Все хорошо расторговались. “В казармы, в казармы!” – слышится социалистический призыв рыночников: до казарм можно пешком. А как же пан Мачек с автобусом? Моя благородная возлюбленная собирает компенсацию. Трое принципиальных еще более благородно негодуют: вам надо – вы и платите… За них мой идеал добавляет мою недельную зарплату и улыбку, от которой мужики начинают неудержимо таять. На принципиальных паскуд она не сердится: устали, мол, замерзли… Так что ж, мы – вараны: охладимся – сволочи, а положить на батарею – опять приличные люди? Да, наверно, без нитей жадности, бесстыдства канат не выдержит, но… Если роза растет из дерьма, терпеть его я могу, но мазать на хлеб все равно не стану.
Но все же мосластый, до зелени ужравшийся парняга, успевший плеснуть пахучести нам в комнату: “Отец, – (это мне…), – закурить…” – покуда моя бдительная стражница – точь-в-точь баба с Механки! – локтем, коленом энергично выпихивала его в коридорную мглу, – даже он не ввергнул меня в смертное отчаяние, а лишь испортил настроение. Стена еще долго колебалась – опустошенные перестройкой казармы Варшавского договора были сшиты чуть ли не из картона, электропроводка лежала на потолочных скобах. Самой надежной здесь выглядела тюремная колючка, охватывавшая недавний советский стан. Кровати были привинчены к полу.
Индустриальный пар из наших чашек, легкий парок из наших губ, куртки внакидку… “Соня, а чего мы тут сидим?” – “Наконец-то вспомнил, как меня зовут. Ты же меня никак не называешь, боишься перепутать”. – “Нет, просто имена приходятся впору только чужим.
А ты – это ты”. – “Молодец. Умеешь с нашей сестрой”. Но в пресветлом трамвае у нее начала падать на грудь засыпающая головка: “Мне с тобой так спокойно, как будто я приехала к папе с мамой”. Не знаю, что было прекрасней – здания или их пустоты, заполненные золотом света или безопасным домашним мраком. Мы проникали в поперечные улочки, как в темные коридорчики, в которые когда-то в детстве осмеливались только заглянуть и отпрянуть, дрожа от восторженного ужаса. Словно дети, мы клевком поцеловались и заторопились вон из круглой кирпичной кадки – барбакана, соединяющего достоинства барбоса и бокастого барабана. У нас не было тел, покуда реальность снова не вставила мне паяльник. Я бросился на поиски – прожекторные откосы, стремительные туннели, дворцы, полицейские будки, отдающиеся штрафным ударом тока в нагрудном кармане с долларами (деньги носят только на себе – из рук могут вырвать), наконец-то кустики, уголок прозрачной снежной тьмы – еле успеваю залить уголек кипятком. Но одна крупинка игры – и в мире нет ни страшного, ни скверного: почему бы инфанту не сбегать под кустик в фамильном парке, втягивая шею, будто в прятках?

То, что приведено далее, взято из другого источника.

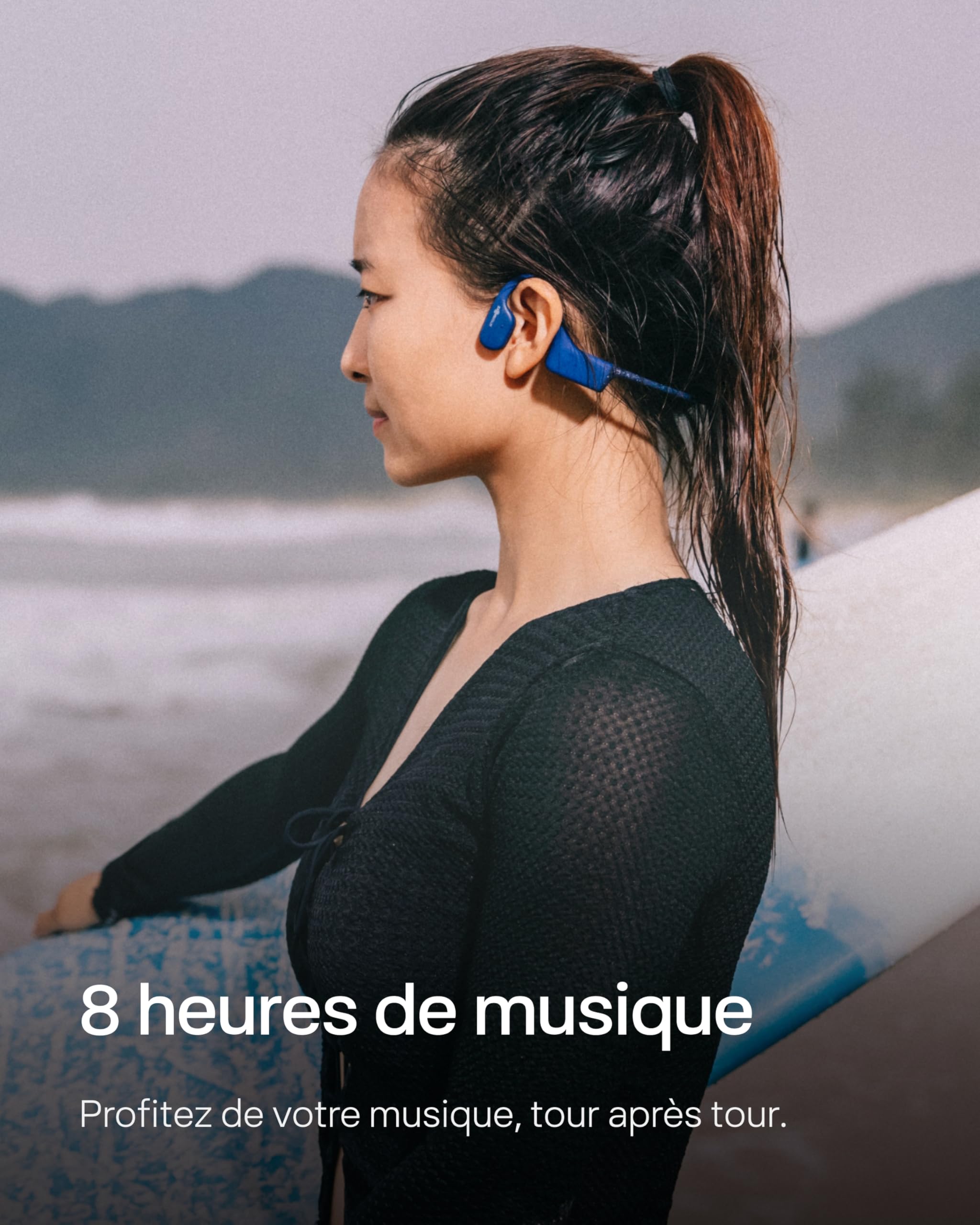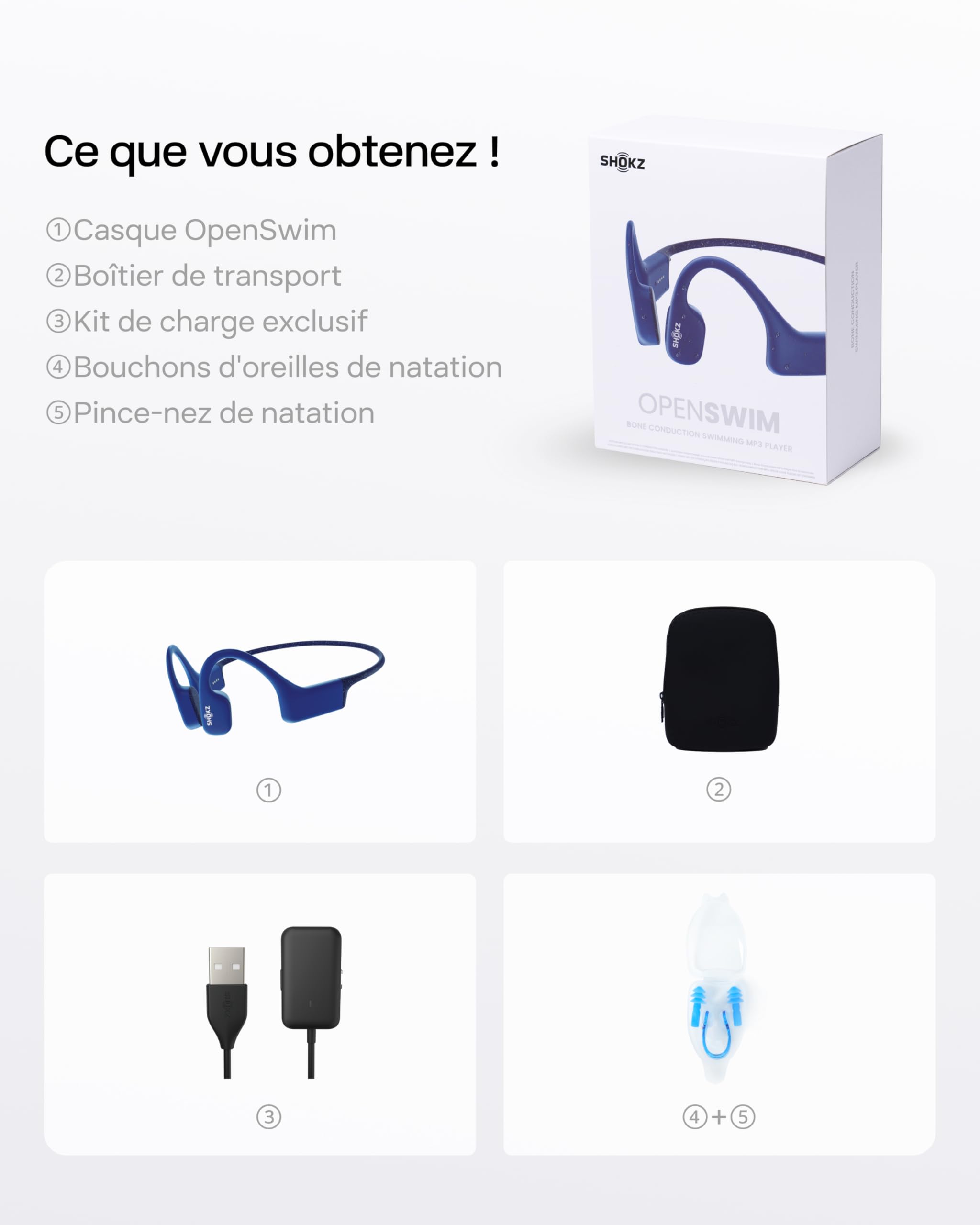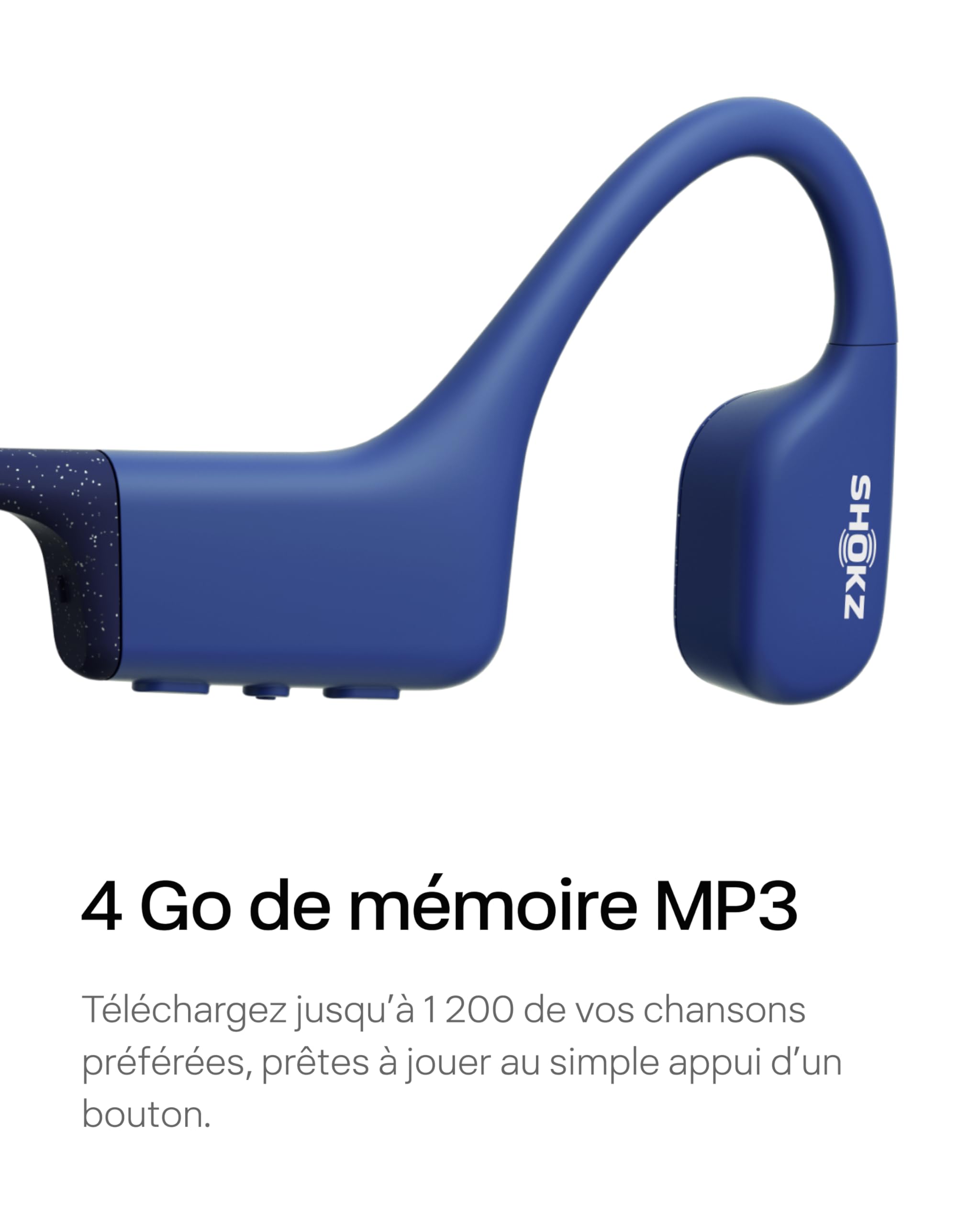 SHOKZ OpenSwim Casque à conduction osseuse, lecteur MP3 de natation étanche IP68, écouteurs de sport oreilles libres avec 4 GB de mémoire, 8H d’autonomie, bouchons d’oreilles(sans Bluetooth), Bleu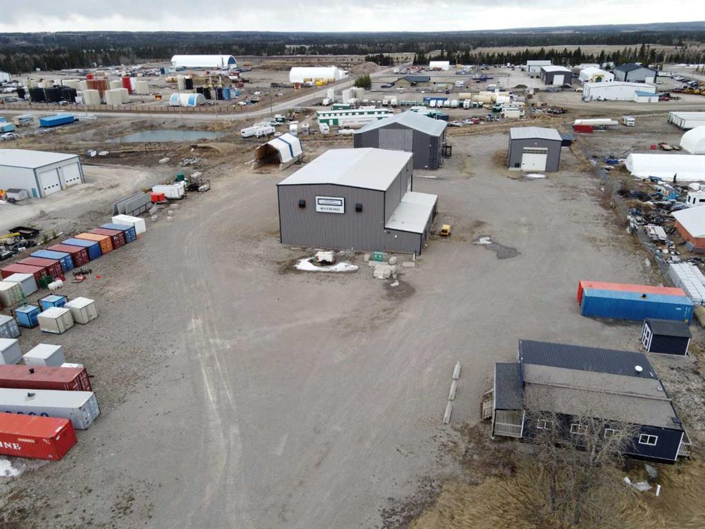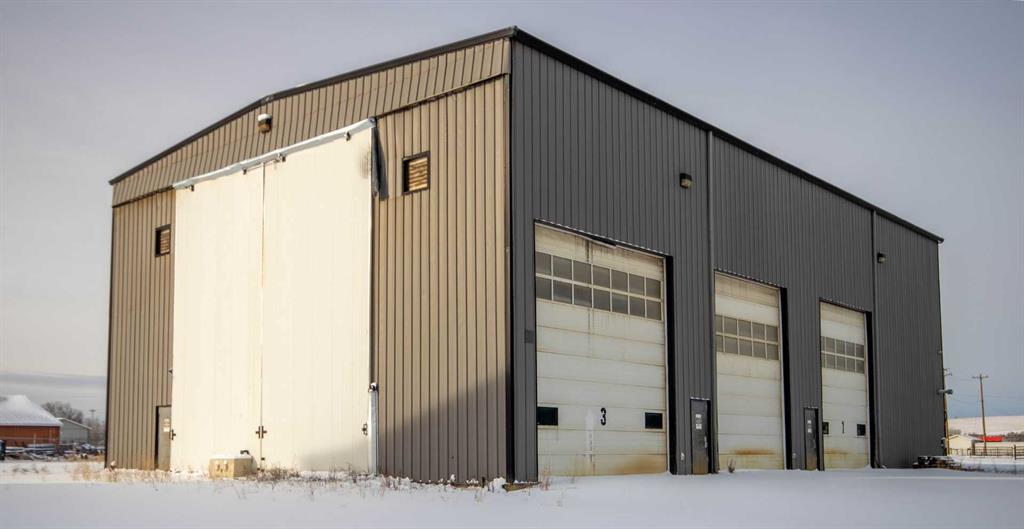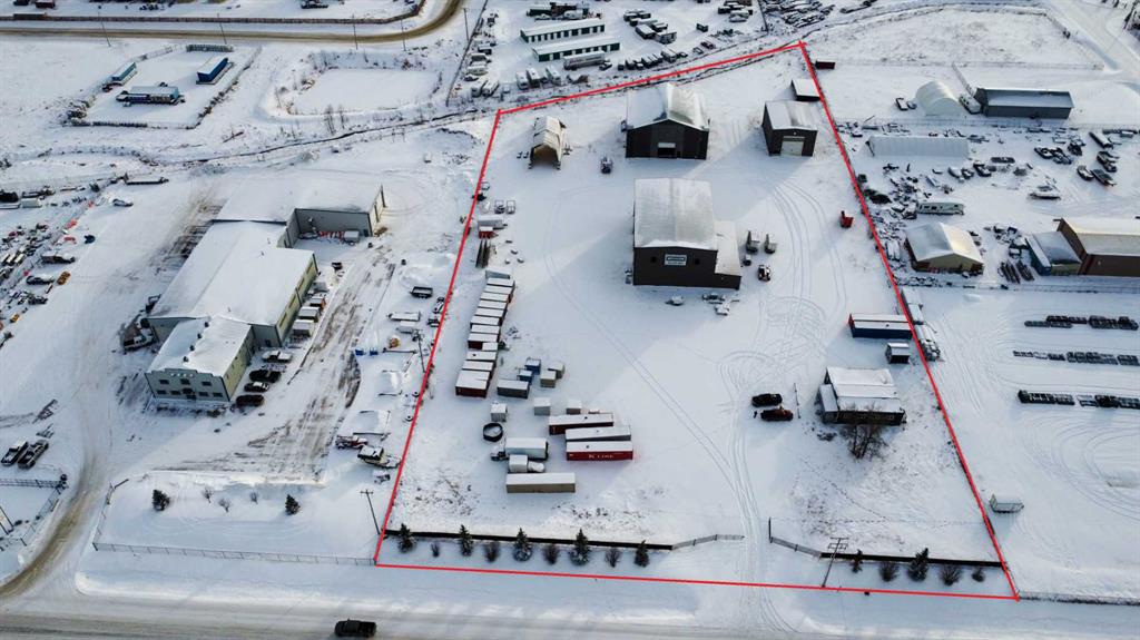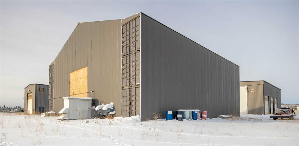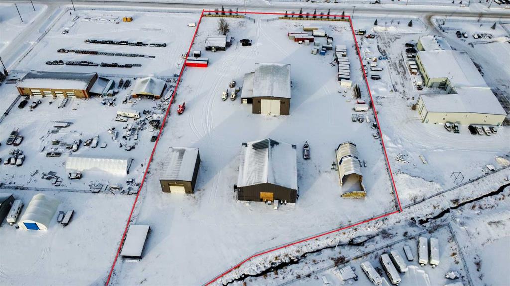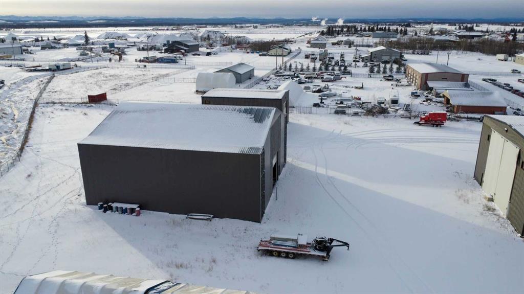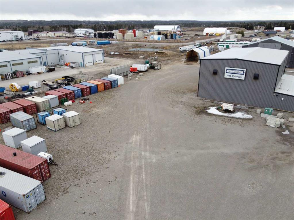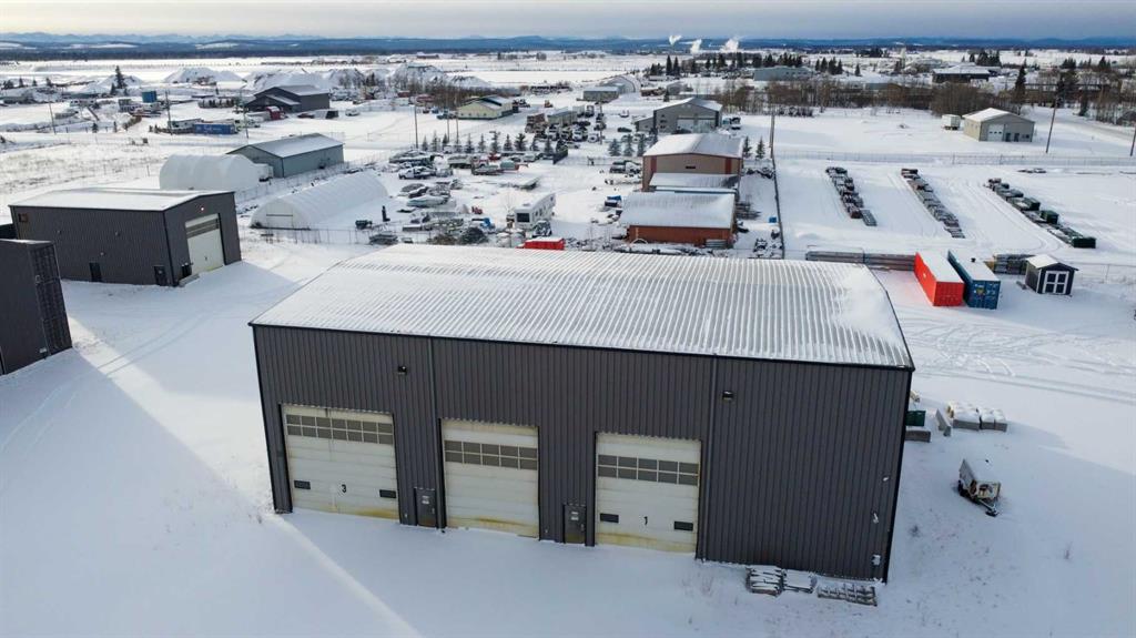 For Sale · 4.74+/- Titled Acres in a fenced & gated industrial parcel just west of Sundre, AB. Property boasts a 7,440 +/- sq ft heated Shop #1 with an attached axillary building that has a washroom, utility room, office, & mechanical bay. Building has 4 (20’x20’ doors) & 1 (30’x30’ door) on south end & an overhead crane. Property has an administrative office,which is 1579 +/- sq ft & contains 6 office spaces, meeting room, reception area, print area, staff lounge & washroom. There are two other large shops...

Погреться мы заглянули на сверкающую кухню, где старая добрая служанка, помнившая нас еще детьми, по старой памяти вынесла нам две вазочки желе со взбитыми сливками. Тепло, чистота, доброжелательность – какого еще рая искала моя священная дурь?
Чистые стены, чистые стекла, освещенные дворы с ликом Мадонны вместо “Алазанских долин”… Единственная рябь на зеркальной глади – искусственные цветы напоминали о кладбище.
Мы навалили на себя все наши шмотки, включая, кажется, и клопомор, – но солдатская кровать выдержит и не такое. Тем более
– верблюд, который и с тремя пудами на горбу ухитрялся снова и снова входить в игольное ушко: я балдел от ее детской спинки, уже почти серьезно опасаясь, что превратился в педофила.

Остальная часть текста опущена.